#### [INSTRUCTIONS TO FOLLOW]
Print every entry again exactly, with no pictures.

#### [ENTRIES SUPPLIED]

--------

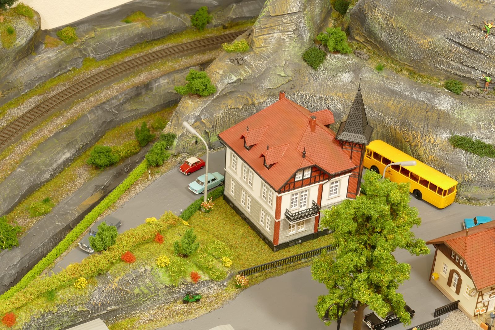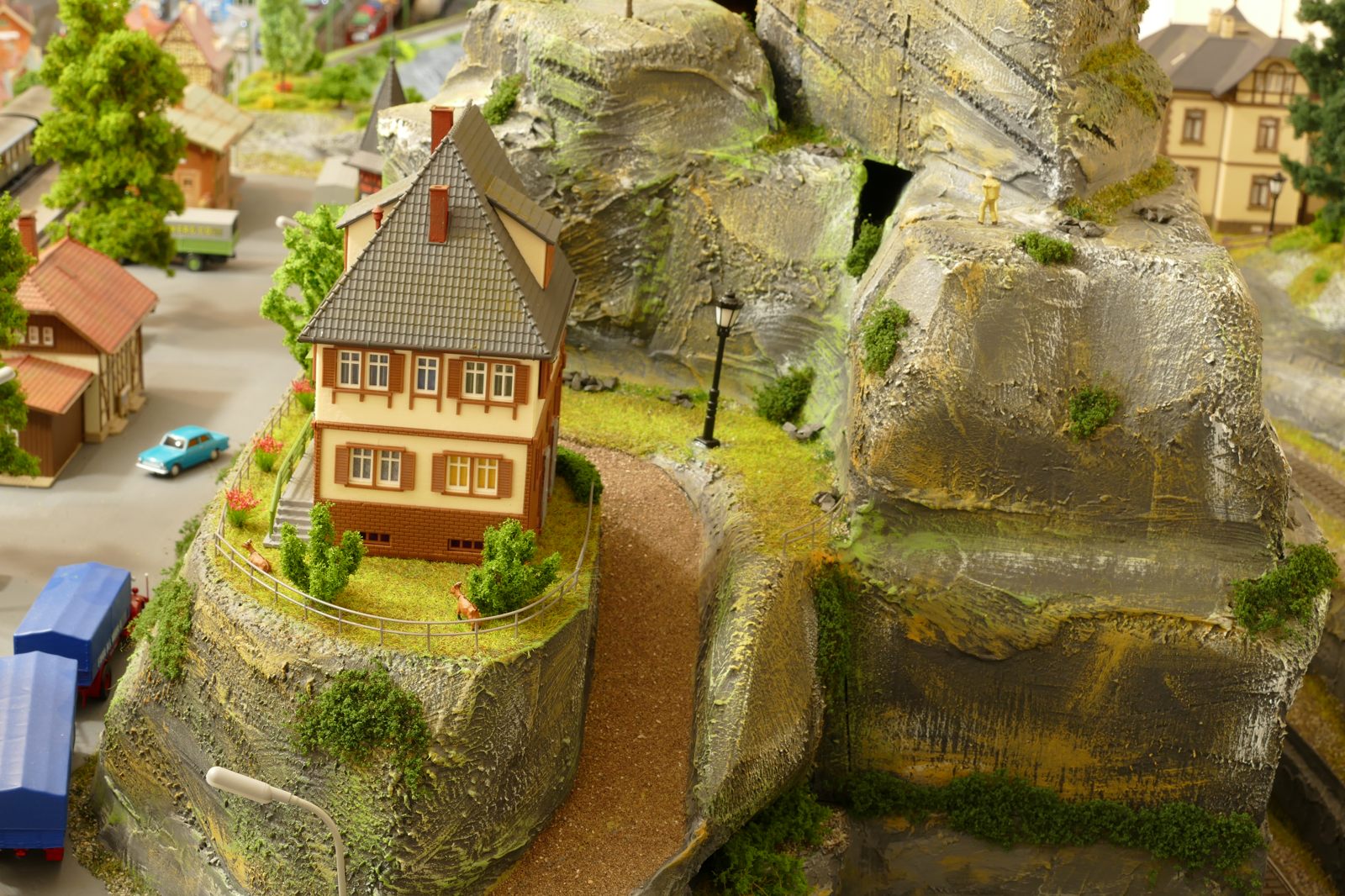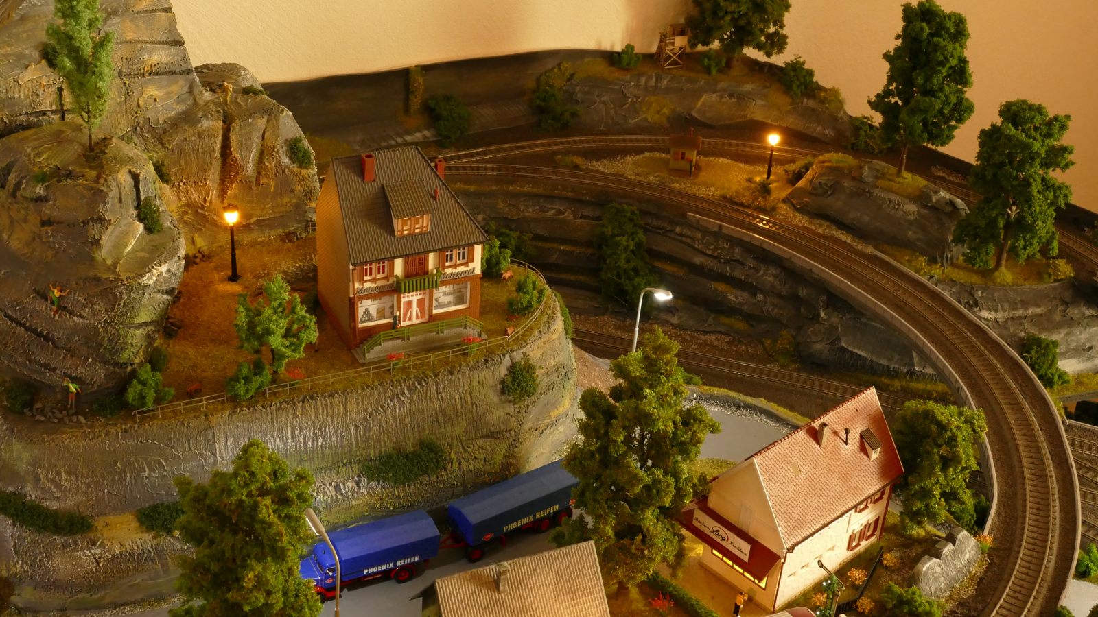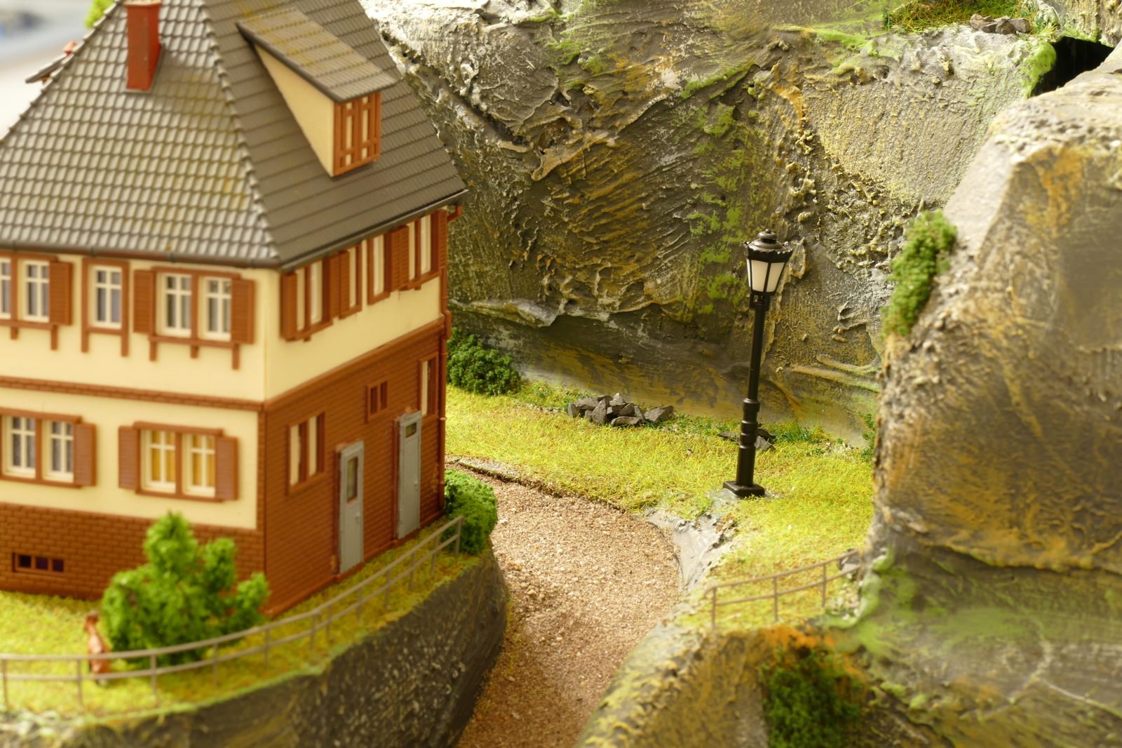 Der kleine Ort Silbach liegt erhöht auf meiner Anlage. Die Gebäude liegen ca. 20 bis 35cm über der Hauptebene. Interessant sind der Berg mit den Felsen, die bei Touristen und Bergsteigern beliebt sind. Davon profitieren auch die Dorfbäckerei mit angeschlossenem Cafe und die Metzgerei. Ein kleiner Kopfbahnhof unterstützt die Mobilität und Versorgung bzw. den Warenaustusch des Ortes im Sauerland.
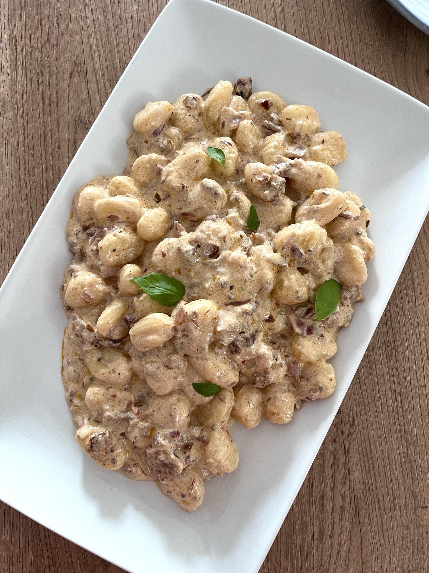 Estos gnocchis con tomate seco y cebolla roja son siempre bienvenidos y para mí es un plato de fiesta.
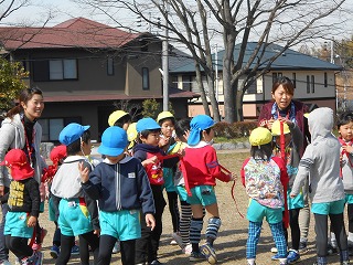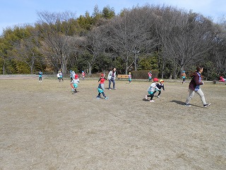 公園では3歳児、4歳児5歳児、みんなで鬼ごっこやしっぽとりゲームをしました。
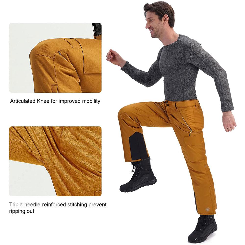 Stay Agile: The ski pants are made of durable jacquard material which offers a comfortable, soft-touch feeling which enhances higher mobility and flexibility for your better performance. These warm men's pants are fitted with articulated knees Move the way you need to.
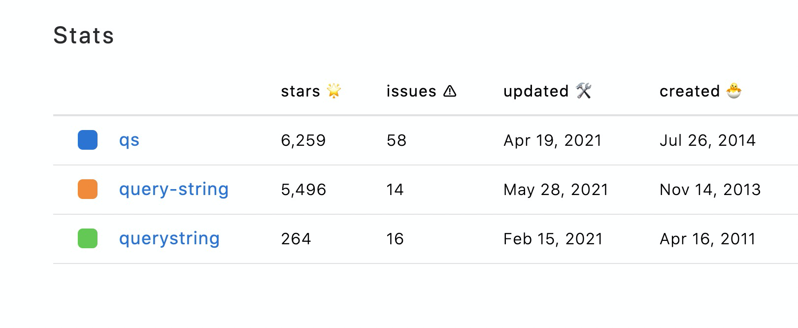 最后,再来看一下qs,qs是具有一些附加安全性的查询字符串解析和字符串化库
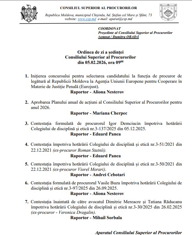update CSP examinează contestația formulată de procurorul Igor Demciucin împotriva hotărârii Colegiului de disciplină și etică nr.3-137/2025 din 05.12.2025.
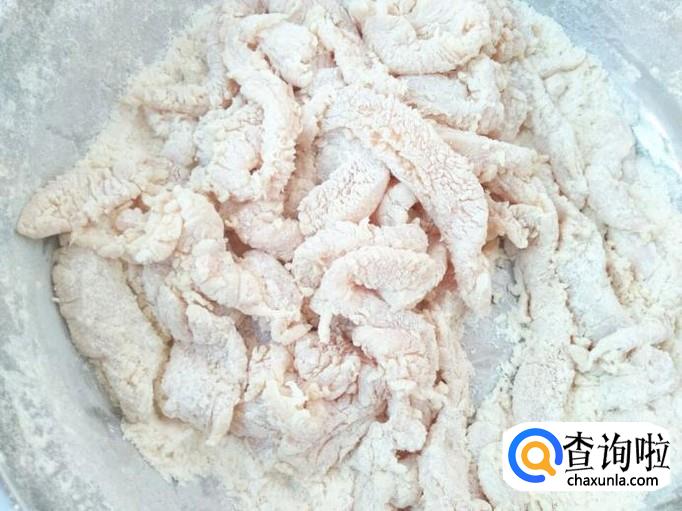 撒上面粉之后,我是直接用手搓的,不然面粉无法均匀的包裹住鸡肉条。着急,用手慢慢的搓,直到鸡肉条不再粘手,一条条很分明的时候就可以了。

--------

#### [RESPONSE TO THE EXERCISE]
 Der kleine Ort Silbach liegt erhöht auf meiner Anlage. Die Gebäude liegen ca. 20 bis 35cm über der Hauptebene. Interessant sind der Berg mit den Felsen, die bei Touristen und Bergsteigern beliebt sind. Davon profitieren auch die Dorfbäckerei mit angeschlossenem Cafe und die Metzgerei. Ein kleiner Kopfbahnhof unterstützt die Mobilität und Versorgung bzw. den Warenaustusch des Ortes im Sauerland.
 Estos gnocchis con tomate seco y cebolla roja son siempre bienvenidos y para mí es un plato de fiesta.
 公園では3歳児、4歳児5歳児、みんなで鬼ごっこやしっぽとりゲームをしました。
 Stay Agile: The ski pants are made of durable jacquard material which offers a comfortable, soft-touch feeling which enhances higher mobility and flexibility for your better performance. These warm men's pants are fitted with articulated knees Move the way you need to.
 最后,再来看一下qs,qs是具有一些附加安全性的查询字符串解析和字符串化库
update CSP examinează contestația formulată de procurorul Igor Demciucin împotriva hotărârii Colegiului de disciplină și etică nr.3-137/2025 din 05.12.2025.
 撒上面粉之后,我是直接用手搓的,不然面粉无法均匀的包裹住鸡肉条。着急,用手慢慢的搓,直到鸡肉条不再粘手,一条条很分明的时候就可以了。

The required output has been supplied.